The solution used here is to detect the new thread (which has both rax and rdi equal to zero), call a user-provided function, and when that returns use the SYSCALL_EXIT_THREAD syscall to stop the thread. That syscall never returns, so the new thread never leaves the asm block.

This is in euralios_std/src/syscalls.rs.

pub fn thread_spawn(
    func: extern "C" fn(usize) -> (),
    param: usize
) -> Result<u64, SyscallError> {

    let tid: u64;
    let errcode: u64;
    unsafe {
        asm!("syscall",
             // rax = 0 indicates no error
             "cmp rax, 0",
             "jnz 2f",
             // rdi = 0 for new thread
             "cmp rdi, 0",
             "jnz 2f",
             // New thread
             "mov rdi, r9", // Function argument
             "call r8",
             "mov rax, 1", // exit_current_thread syscall
             "syscall",
             // New thread never leaves this asm block
             "2:",
             in("rax") SYSCALL_FORK_THREAD,
             in("r8") func,
             in("r9") param,
             lateout("rax") errcode,
             lateout("rdi") tid,
             out("rcx") _,
             out("r11") _);
    }
    if errcode != 0 {
        return Err(SyscallError(errcode));
    }
    Ok(tid)
}

(I was not very consistent with fork vs spawn naming. Sorry). This thread_spawn function takes a function pointer with C calling convention, and a parameter which will be stored in the first argument (rdi). In section 6 once we’ve got user-space memory allocation we can use this to pass a closure’s context and provide the Rust threading interface.

User code to exit from a thread

The implementation of thread_exit is simpler because we just call the SYSCALL_EXIT_THREAD syscall and never return:

pub fn thread_exit() -> ! {
    unsafe {
        asm!("syscall",
             in("rax") SYSCALL_EXIT_THREAD,
             options(noreturn));
    }
}

User panic handler

We can also use these syscalls to write a better panic handler in the user program hello.rs:

#[panic_handler]
fn panic(info: &PanicInfo) -> ! {
    println!("User panic: {}", info);
    syscalls::thread_exit();
}

So now when a user thread panics it will print the error message and exit.

Next steps

When a thread exits we should be able to recover any memory it was allocated and re-use it for other threads or processes. Unfortunately at the moment our frame allocator doesn’t allow frames to be free’d. In the next section we’ll write a new frame allocator which will allow us to free memory when it’s not needed.

Appendix: Security issues

Security issues: https://fuchsia.dev/fuchsia-src/concepts/kernel/sysret_problem

#+LABEL sec:jump_table

Appendix: Syscall jump table

This is an alternative approach which I don’t think is optimal, but is here in case it’s helpful.

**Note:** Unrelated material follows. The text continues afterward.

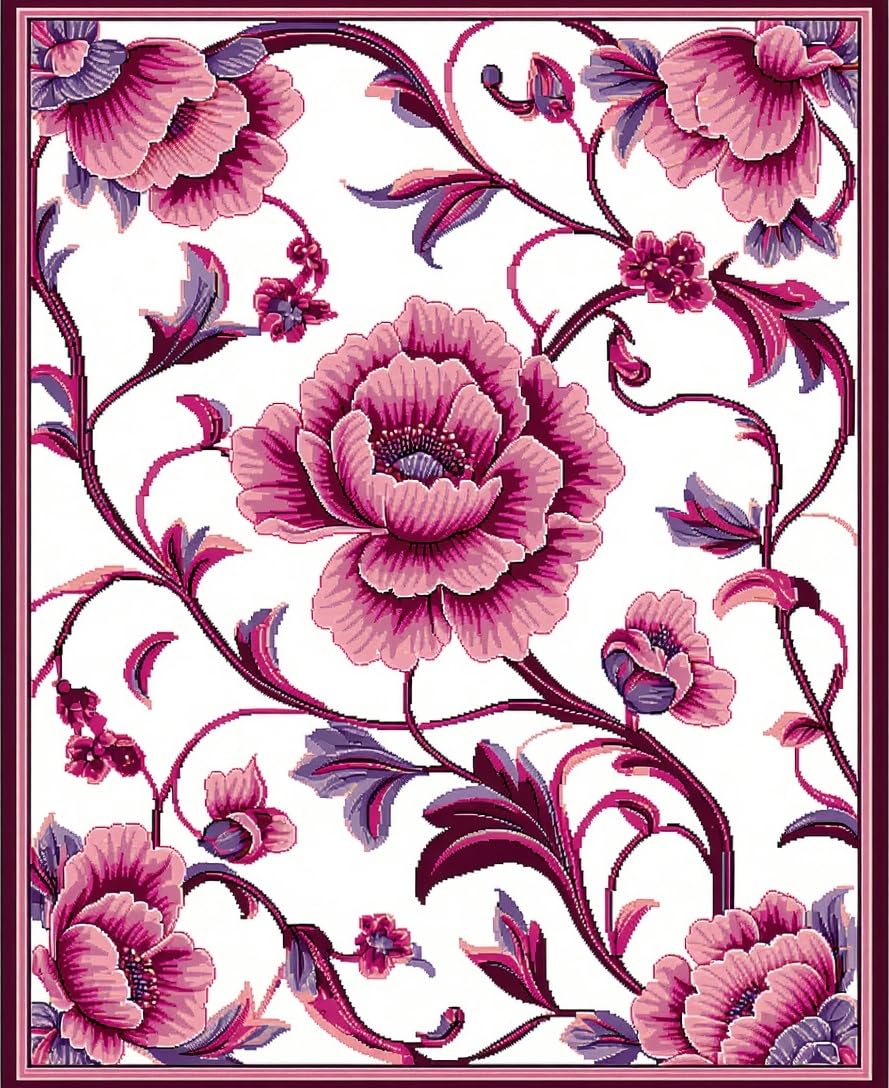 Blooming Carnation Scroll with Layered Petal Motifs and Flourishing Vines(Mauve)

In C we can create a static array of function pointers (addresses), so that functions can be called when indexing into this array. This is used in Linux (for example) to enable fast lookup of a function pointer from a syscall number.

In rust this seems to be difficult: Function pointers aren’t known at compile time (only link time), and so attempting to cast a function to a u64 statically doesn’t compile. The usual trick of using lazy_static also doesn’t work because we need to know the address of the array at link time.

The closest I’ve found so far is to define a static mutable array (highly discouraged!) in syscalls.rs:

const SYSCALL_NUMBER: usize = 2;
static mut SYSCALL_HANDLERS : [u64; SYSCALL_NUMBER]
  = [0; SYSCALL_NUMBER];

In the init() function we can populate this array:

unsafe {
    SYSCALL_HANDLERS = [
        sys_read as u64,
        sys_write as u64
    ];
}

Now the syscall handler code can be simplified: It first checks that the syscall number (in rax) is in range, and if so looks up the handler address in the SYSCALL_HANDLERS table:

asm!(
    ...,
    "push r15",

    "cmp rax, {syscall_max}",
    "jge 1f",  // Out of range
    "mov rax, [{syscall_handlers} + 8*rax]", // Lookup handler address
    "call rax",
    "1: ",

    "pop r15",
    ...,
    syscall_handlers = sym SYSCALL_HANDLERS,
    syscall_max = const SYSCALL_NUMBER,
    options(noreturn)
);

To be able to use the const argument to asm we need to add this feature to the top of lib.rs with #![feature(asm_const)].